Я толкаю тяжелую дверь, и на душе становится спокойно. В этом внезапном спокойствии есть что-то потустороннее. Здесь так прохладно, тихо, мирно. Я сажусь на скамью, болтаю ногами. Но очень скоро торжественная тишина начинает повергать меня в уныние. Я порываюсь опуститься на колени, совсем как Поль Клодель, которому явился Бог, но, одумавшись, возвращаюсь на скамью. К Богу я отношусь с подозрением. Если я, поддавшись минутной слабости, плюхнусь перед ним на колени, он, возможно, потребует, чтобы я все бросила и последовала за ним. Так он собрал всю свою команду: и Клоделя, и апостолов. Застиг врасплох. Явился в белой робе и с длинной бородой, приложил руку к груди, посмотрел своим невинным взглядом… и они попались, побросали все бренное и устремились за ним.
Я ему не доверяю, считаю жуликом. Это началось еще в детстве. Меня страшно бесила история Иова, который верил в Бога, а тот в награду насылал на него всякие беды.
Маленький божественный каприз. Однажды после обеда Бог по обыкновению валялся на диване и думал, чем бы развлечься. Бросив ленивый взгляд на свою землю, он обнаружил богатого, довольного жизнью фермера по имени Иов, который каждый день многократно воздавал Ему хвалу. «Ха! — сказал Бог. — Так ты впрямь любишь меня больше всего на свете? Ну-с, сейчас мы это проверим».
И с этими словами взялся за дело. Истребил у несчастного весь скот, сжег поля, спалил дом, наслал страшную болезнь на жену и детей. А Иов знай себе молился средь падшей скотины, выгоревшей травы и свежих могил под предсмертные стоны домочадцев.
Стоя на жалком коврике, питаясь одной ячменной похлебкой, он благодарил Бога за то, что тот соблаговолил его испытать. Сверкнула молния, коврик загорелся, дом окончательно развалился и обрушился прямо на голову несчастному, но Иов, продрогший и вымокший до нитки, по-прежнему возносил хвалу Господу. И чем больше он твердил о своей любви к Нему, тем больше несчастий выпадало на его долю.
Эй Вы там, наверху, что это за любовь такая? Я Вас спрашиваю?
И только когда запас слез иссяк и иссохшие глаза Иова, словно вытянутые вакуум-насосом, готовы были вывалиться из орбит, а беззубые десны свело от боли, Бог наконец спустился с небес и похлопал Иова по голому черепу, приговаривая: «Ты держался молодцом, сын мой. Вот теперь я тебе верю. Я расскажу про тебя в своей книге, Библия называется, на первой полосе. Ты у меня станешь звездой, образцом благочестия». Иов упал на колени, гремя костями. Исходя слюной, он принялся лобызать Богу пальцы ног и благодарить за испытания.
История Иова и Жулика казалась мне настолько кошмарной, что я спать не могла. И все спрашивала у мамы, зачем Бог так поступил, если он действительно любил Иова. Мама со вздохом отвечала, что эта история и впрямь какая-то странная, но зато Бог так сильно любил людей, что отдал им своего единственного сына. А люди распяли этого сына на кресте.
Я возмущалась:
— Как же он отдал своего сына, если тот потом воскрес и вернулся обратно?

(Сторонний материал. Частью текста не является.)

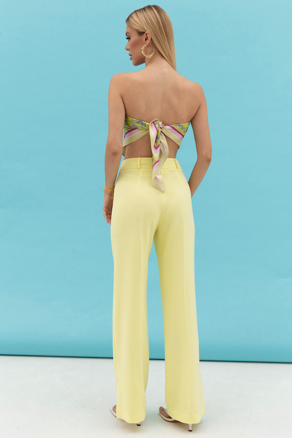 Брюки прямого силуэта, с разрезами в боковых швах из костюмной ткани. На передней части брюк застрочены стрелки. Притачной пояс со шлёвками. Застёжка на молнию-гульфик и пуговицу. Секрет такой модели кроется в безупречно точной посадке по талии и бедрам – ничего лишнего, только конструктивные детали, которые придают четкость линиям силуэта.

— Это уже неважно, — отвечала мама, легонько отталкивая меня локтем, чтобы я не мешала ей натирать воском стол, — Бог же отдал его, вот что главное.
— Но ведь он прекрасно знал, что сын умирает понарошку…
— Ну да… И все-таки ему было больно видеть, как сын страдает.
— Сам-то он уксуса не пил, и копья ему в бока не впивались!
— Ну как ты не понимаешь? — пыталась объяснить мама. Ей никак не удавалось стереть следы бутылок со столешницы, и это ее бесило. — Как ты не понимаешь, что его сын — это и есть он. Ты что, забыла?
Ее аргументы меня не убеждали. Лежа в кровати, я представляла себе несчастного Иова, его обуглившийся дом, замученных детей, червей, с хрустом впивавшихся в его тело, пока он превозносил Бога.
— Значит, это и есть настоящая любовь? — спрашиваю я у себя, глядя на даму, которая сидит на скамье передо мной и, склонив голову, молится, то и дело проверяя, на месте ли сумочка, зажатая между ног. Похоже, она тоже не склонна Ему доверять. В противном случае оставила бы сумочку на скамье, а я бы преспокойно ее умыкнула, пока дама шепчет да причитает.
Значит, так и надо? Со всей жестокостью довести ближнего до полного истощения, чтобы убедиться в его любви.
Он тоже все время так поступал. Пользовался моей любовью, удирал, как воришка. С Ним я поняла, что такое быть покинутой и что значит умирать от любви. Когда Он возвращался, я была на седьмом небе от счастья.
А потом снова наступала пора одиночества.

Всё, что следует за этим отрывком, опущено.